Exercise details: Would you transcribe exactly the lines from the one containing "木目が美しいパイン材の風合いがたっぷりのお部屋に、蓄熱式の暖房器で、赤ちゃんの健康にも安心 子育てにも余裕が出来そうですね。 |" to the last line of the data below, both ends included, but none of the pictures?

Data provided:
== Segment start ==
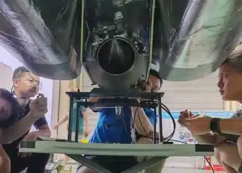 Un avion, étrangement similaire au Su-34, a récemment effectué un vol d’essai sur un site situé dans le nord-ouest de la Chine. Ce qui intrigue particulièrement, ce n’est pas seulement son apparence, mais aussi le moteur rudimentaire fixé sous son fuselage, un moteur à détonation conçu pour propulser cet « Su-34 » grâce à une série d’explosions contrôlées.
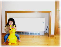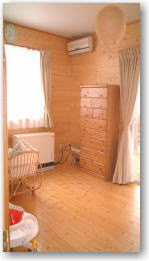 | 木目が美しいパイン材の風合いがたっぷりのお部屋に、蓄熱式の暖房器で、赤ちゃんの健康にも安心 子育てにも余裕が出来そうですね。 |
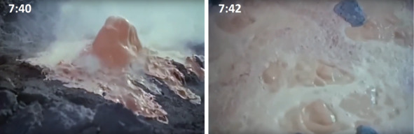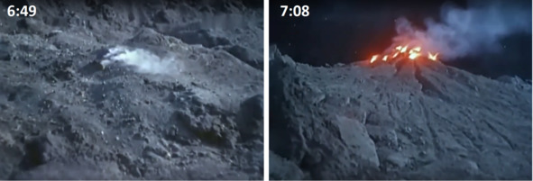 Впрочем, в начале фильма последовали кадры с хорошо знакомым цветом Луны. Это был серый цвет. Голубоватый оттенок кадра 2:31 можно счесть за неправильную настройку цветности кадра. Бывает! Казалось, все в порядке, Луна все-таки серая, американская версия торжествует. Но проблема этой демонстрации Луны в том, что режиссер показывал ее до того, как начались извержения вулканов на Луне. Оказывается Клушанцев представлял такой Луну до того как из ее недр начало вырываться плазма и пламя. Клушанцев видимо плохо представлял, как происходит горение в вакууме при извержении, где отсутствует кислород, необходимый для такого процесса. Извержение изображено в виде языков пламени, которое вырывалось из недр «лунной горы», лунного вулкана.
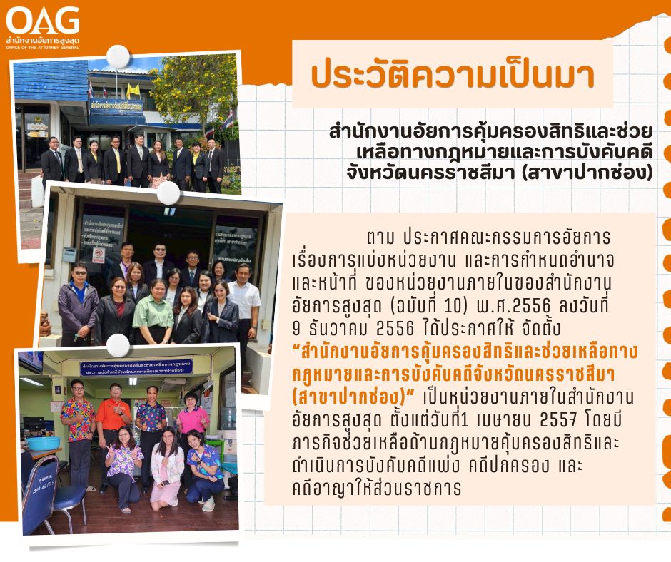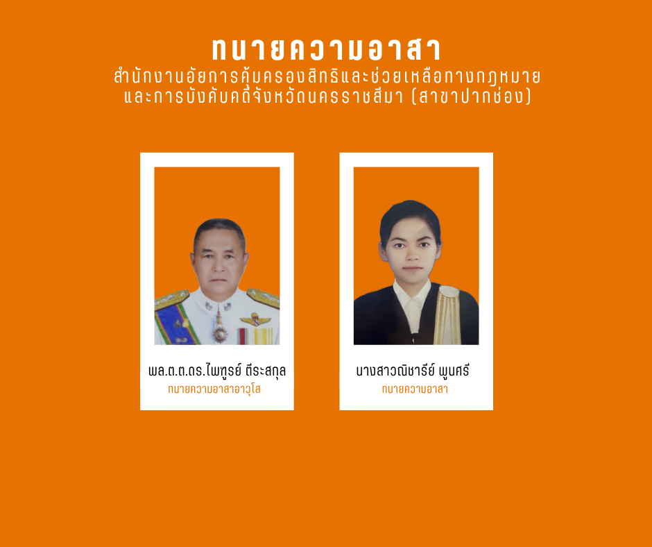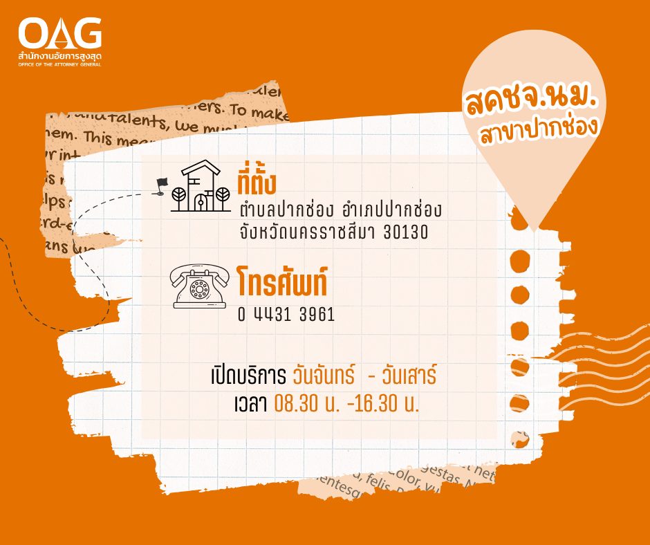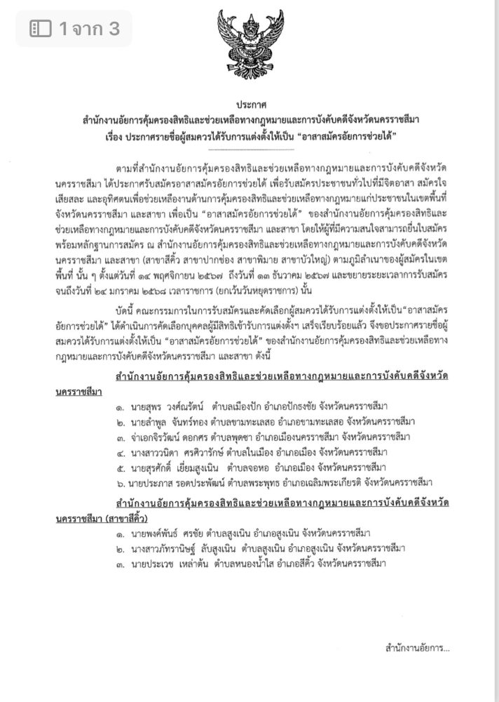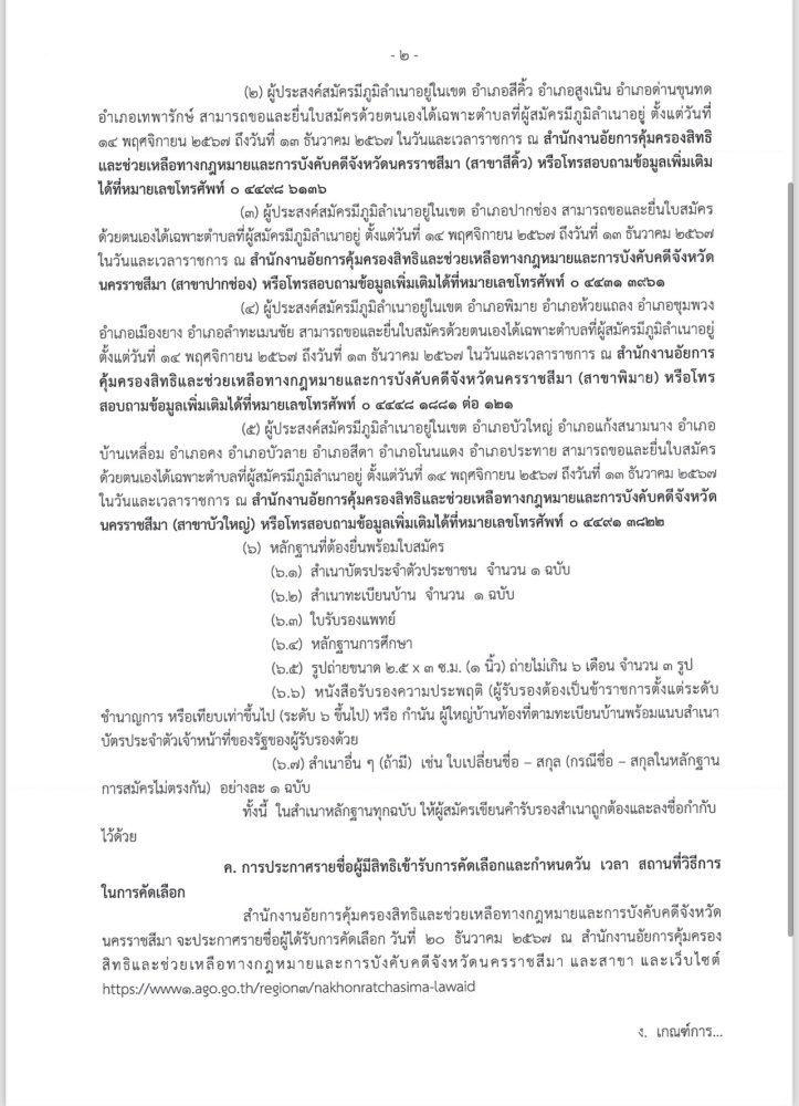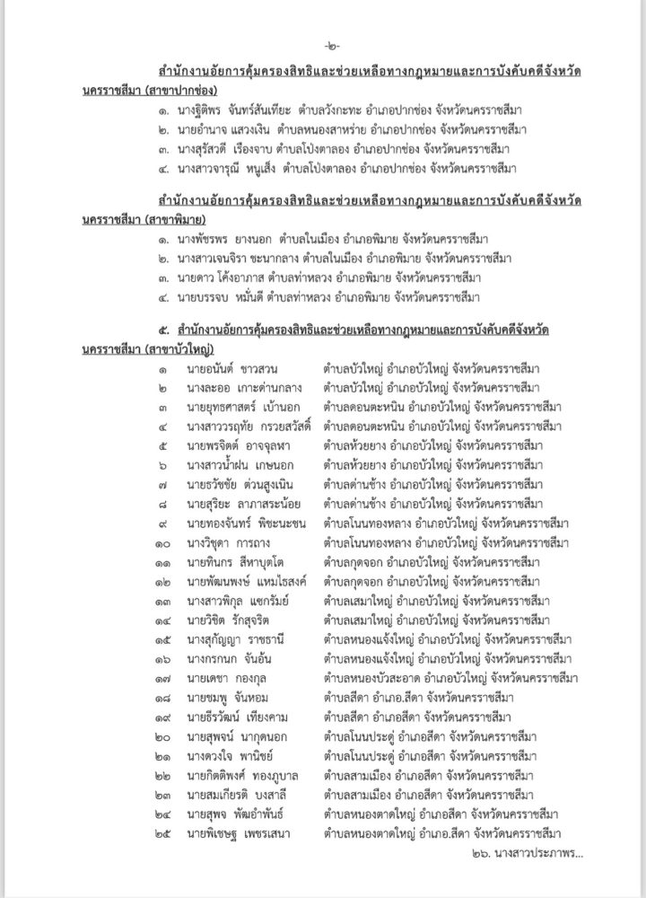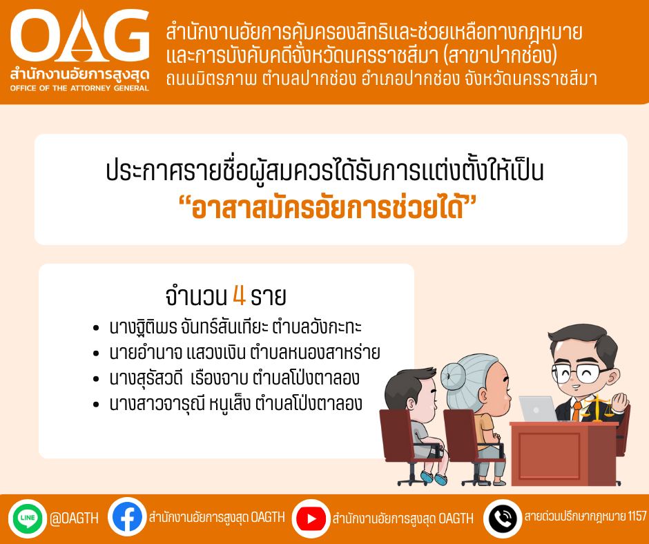 ประกาศรายชื่อผู้มีสิทธิรับการคัดเลือกทนายความอาสาและทนายความอาสาอาวุโสประจำสำนักงานอัยการ คุ้มครองสิทธิและช่วยเหลือทางกฎหมายและการบังคับคดีจังหวัดนครราชสีมา (สาขาปากช่อง)
== Segment end ==
Written answer:
 | 木目が美しいパイン材の風合いがたっぷりのお部屋に、蓄熱式の暖房器で、赤ちゃんの健康にも安心 子育てにも余裕が出来そうですね。 |
 Впрочем, в начале фильма последовали кадры с хорошо знакомым цветом Луны. Это был серый цвет. Голубоватый оттенок кадра 2:31 можно счесть за неправильную настройку цветности кадра. Бывает! Казалось, все в порядке, Луна все-таки серая, американская версия торжествует. Но проблема этой демонстрации Луны в том, что режиссер показывал ее до того, как начались извержения вулканов на Луне. Оказывается Клушанцев представлял такой Луну до того как из ее недр начало вырываться плазма и пламя. Клушанцев видимо плохо представлял, как происходит горение в вакууме при извержении, где отсутствует кислород, необходимый для такого процесса. Извержение изображено в виде языков пламени, которое вырывалось из недр «лунной горы», лунного вулкана.
 ประกาศรายชื่อผู้มีสิทธิรับการคัดเลือกทนายความอาสาและทนายความอาสาอาวุโสประจำสำนักงานอัยการ คุ้มครองสิทธิและช่วยเหลือทางกฎหมายและการบังคับคดีจังหวัดนครราชสีมา (สาขาปากช่อง)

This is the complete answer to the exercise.